Go to the line holding "یه ظرف غذای" in the data below and repeat it exactly, then each line after it up to and including the one holding "接到報警后,這個支隊海警33". Omit pictures.

• [Given data]:
═══

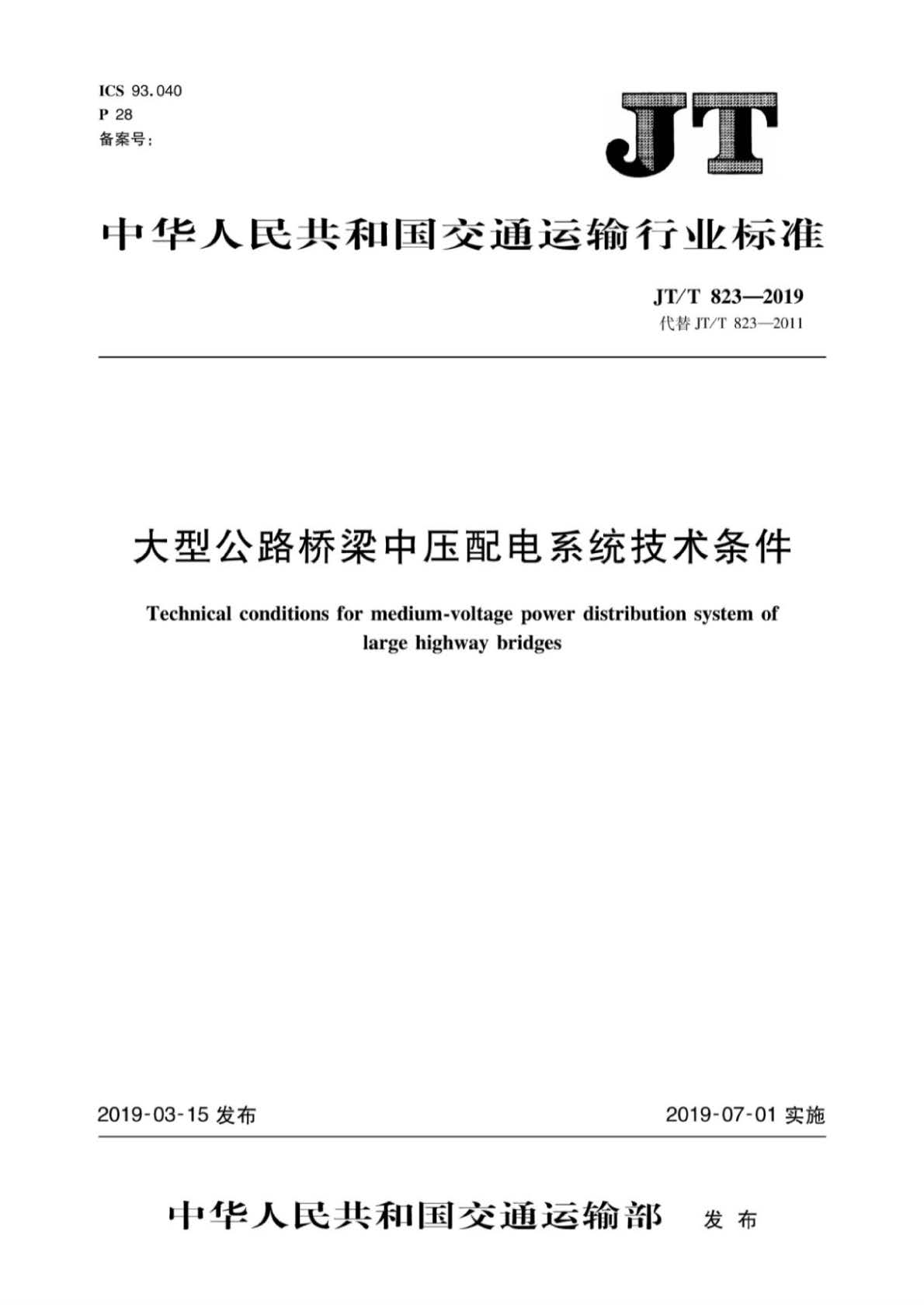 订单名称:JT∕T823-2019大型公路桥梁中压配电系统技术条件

═══

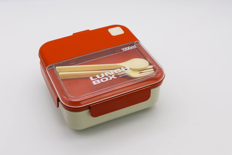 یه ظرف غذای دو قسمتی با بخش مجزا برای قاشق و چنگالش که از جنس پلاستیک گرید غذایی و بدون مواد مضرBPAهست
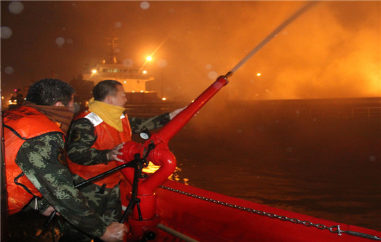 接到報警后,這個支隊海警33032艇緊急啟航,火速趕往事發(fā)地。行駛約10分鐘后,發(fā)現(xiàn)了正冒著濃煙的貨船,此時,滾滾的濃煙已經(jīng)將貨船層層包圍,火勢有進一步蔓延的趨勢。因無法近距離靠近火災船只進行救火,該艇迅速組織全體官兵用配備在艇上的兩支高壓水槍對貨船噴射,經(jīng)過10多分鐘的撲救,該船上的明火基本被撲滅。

═══

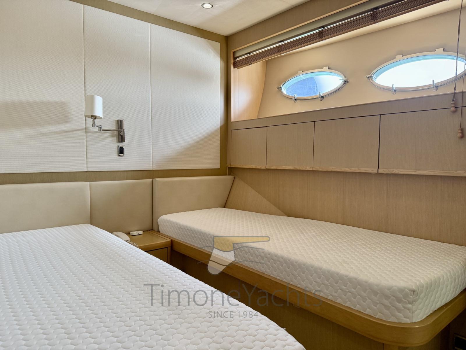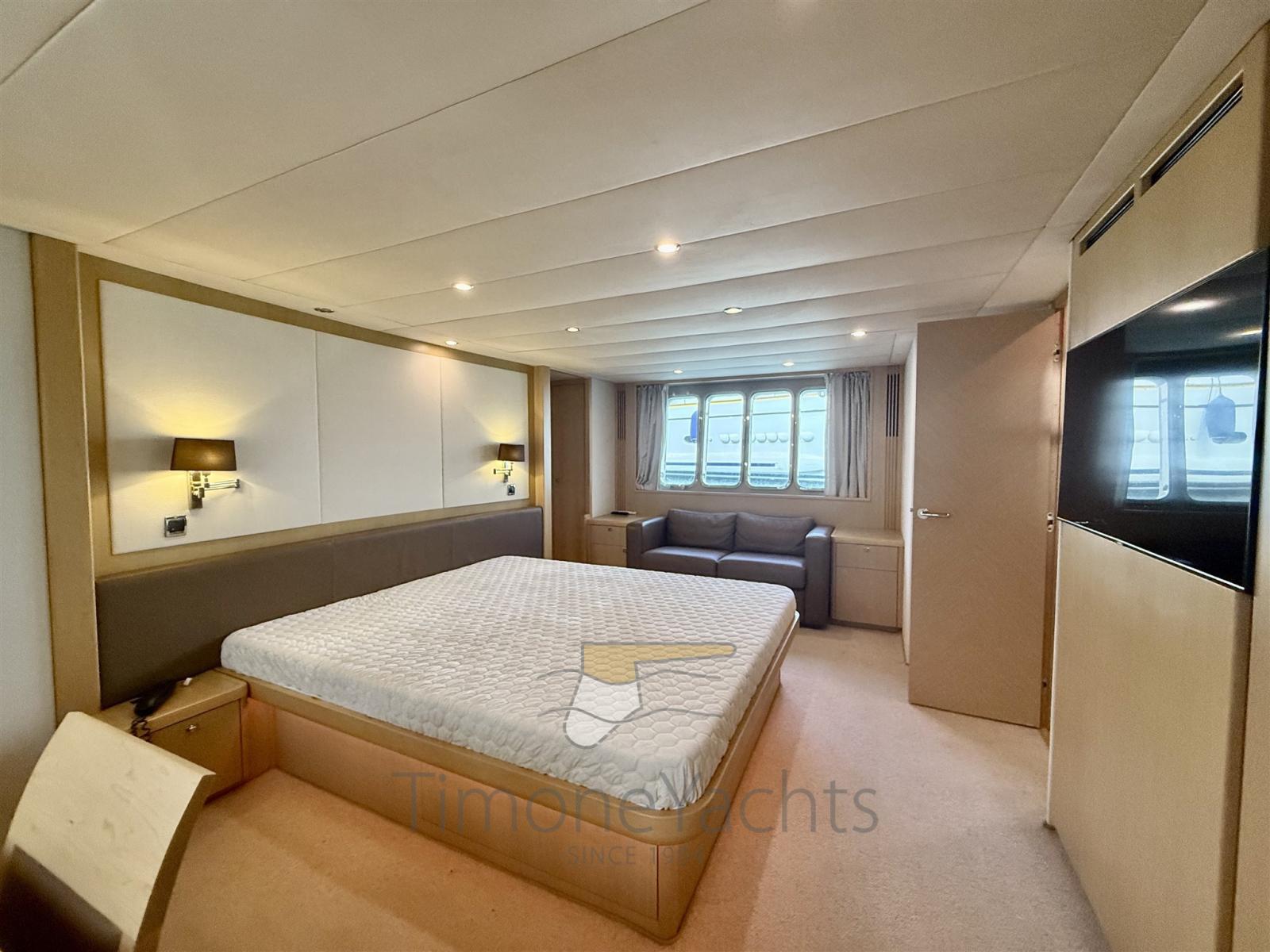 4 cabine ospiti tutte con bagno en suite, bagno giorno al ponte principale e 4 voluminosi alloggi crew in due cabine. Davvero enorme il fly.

═══

• [Task solution]:
 یه ظرف غذای دو قسمتی با بخش مجزا برای قاشق و چنگالش که از جنس پلاستیک گرید غذایی و بدون مواد مضرBPAهست
 接到報警后,這個支隊海警33032艇緊急啟航,火速趕往事發(fā)地。行駛約10分鐘后,發(fā)現(xiàn)了正冒著濃煙的貨船,此時,滾滾的濃煙已經(jīng)將貨船層層包圍,火勢有進一步蔓延的趨勢。因無法近距離靠近火災船只進行救火,該艇迅速組織全體官兵用配備在艇上的兩支高壓水槍對貨船噴射,經(jīng)過10多分鐘的撲救,該船上的明火基本被撲滅。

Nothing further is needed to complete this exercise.